Truthflow is an app designed for users to assess the accuracy of a news piece by comparing it with multiple other reliable sources of information (such as news articles, governmental websites and peer-reviewed academic journals). The system would return the facts rewritten accurately, as well as the other sources of information used in the verification process.
To understand how our model works, understand what our goal is:
Social media verification based on cross reference with established media outlets and government databases
Start at building our fortée; the datastore: We use Chroma DB to handle our files since it is a lightweight yet powerful Vector DB manager. It is populated with the following data:
- Trendy news collected through the scraper. Our scraper is built with
urlibandBeautifulSoupand can extract text from around the web. This is incidentally also what supplies our social media data extraction. - Processing to extract Exaggeration score and Cross Reference score. The biceps of our model can be found in
Analyser.py. These serve as proxies for validity: Cross reference score : (measures reliability) Convert all into vector embeddings and find similarity scores. The one with the highest average is the best endorsed by the others. Exaggeration score: (measures accuracy) Exaggeration is a specific way in which documents potentially overstate certain aspects of their actual topic. - Storing in Vector DB (of course after chunking and embedding)
Now we are good to go for the day: we can easily retrieve info of the current days.
Then, when we come to the user level there can be two scenarios:
- A user wants to input a link to a social media site In this case our scraper will obtain the text for us.
- The user inputs a picture
We take the picture, squeeze it across the REST API to our Django backend server. Here,
easyocrtakes care of the rest.
All our powerful scrapers can be found in ScraperModels.py.

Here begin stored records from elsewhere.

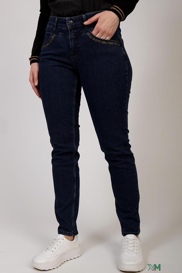 Высокая посадка визуально удлиняет ноги и подчеркивает талию. Оригинальная деталь – декоративная отделка в виде страз на кармане, добавляющая образу изысканности.
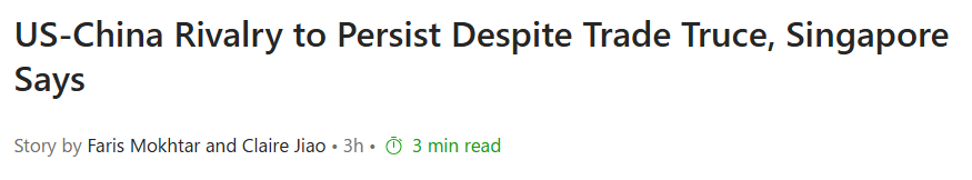 “我确信,激烈的竞争和对抗将继续下去,”黄循财周三在新加坡举行的创新经济论坛上接受彭博新闻社主编约翰·米克尔思韦特(John Micklethwait)采访时说。“虽然这可能是暂时的休战,是关系的暂时稳定,但这确实是目前急需的。”
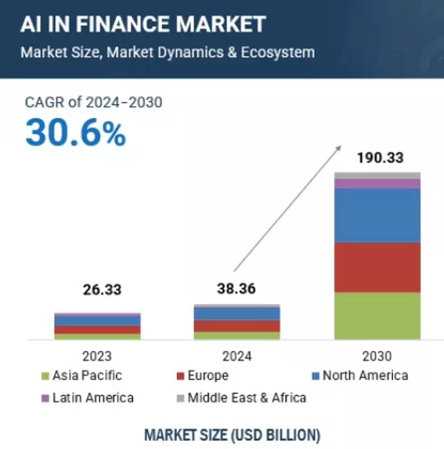 AIの発展は、第4次産業革命においてあらゆる分野に大きな影響を与えており、金融、とりわけ株式投資活動にも深い変革をもたらしています。MarketsandMarketsの調査によると、グローバルな金融分野におけるAI市場は2024年に383.6億米ドルと推定され、2030年には1,903.3億米ドルに達すると予測されています。
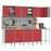 Conjunto de Armário de Trabalho e Painel de Ferramentas vidaXL | 12 Peças | Vermelho, MDF e Metal
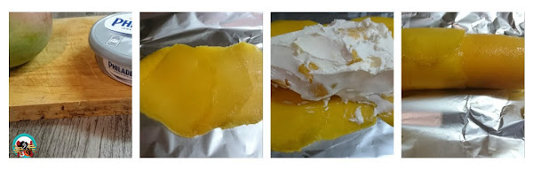 2.- Mezclamos el queso de untar con los trozos de mango picados. Lo guardamos en la nevera 20 minutos. Sobre un trozo de papel de aluminio colocamos 6 lonchas de mango, para formar una capa. Ponemos en el centro del mango 2 cucharas de queso con mango. Con la ayuda del papel de aluminio cerramos el canuto o canelon de mango lo guardamos en la nevera 1 hora. Repetimos la misma operación hasta formas los 4 canelones. Los retiramos de la nevera después de 1 hora, los ponemos sobre una tabla de cortar y le quitamos los bordes. Servimos los canelones con un poco de caramelo por encima.
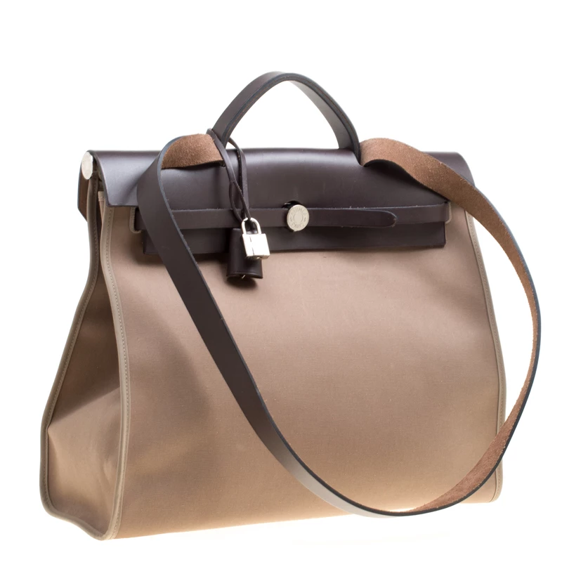 A more practical and simple design from the house of Hermes, the Herbag Zip is popular among women, first for its resemblance to the iconic Kelly bag and second because of its functional design. The bag is an improved version of the original and was released first in 2009. The top of the bag is made from brown leather while the body is rendered in canvas. It has the familiar padlock closure, a handle, and a shoulder strap. The bag also features a spacious fabric interior and a pouch. It is ideal for daily excursions.

Text is processed by a series of Foundation Models from a collection of Open Source Generative AI APIs:
- Put simply facts are extracted, verified and then the text is deconstructed to see how the logic fits in.
- Again, go see how
Analyser.pydoes this.
Image is processed by two image to text foundation models
- First extracts the fact that this image expresses; then it is added as a fact to the text model chain
- Second analyses the image based on whether it has been doctored; look for signs that it is a deepfake
The output gives sources that talk about the same topic, so inherently we have built a recommender system. It is able to suggest reading based on vector similarity so the texts found are generally strongly tied not just in meaning but also form to the original source in question.
The frontend is run on a React server, allowing flexibility while enabling a sophisticated, versatile user interface. On the other hand, Python is used for the backend as the most powerful tool for handling AI applications. It is used to create a REST-API using Django to supply content to the front-end.
Our aim in the foreseeable future is to make Truthflow a chrome extension which runs with your permission, detecting public content on your social media sites simultaneously as you scroll. Thus, protecting you from unknowingly falling face first into any traps lurking online by alerting you when you come across harmful misinformation.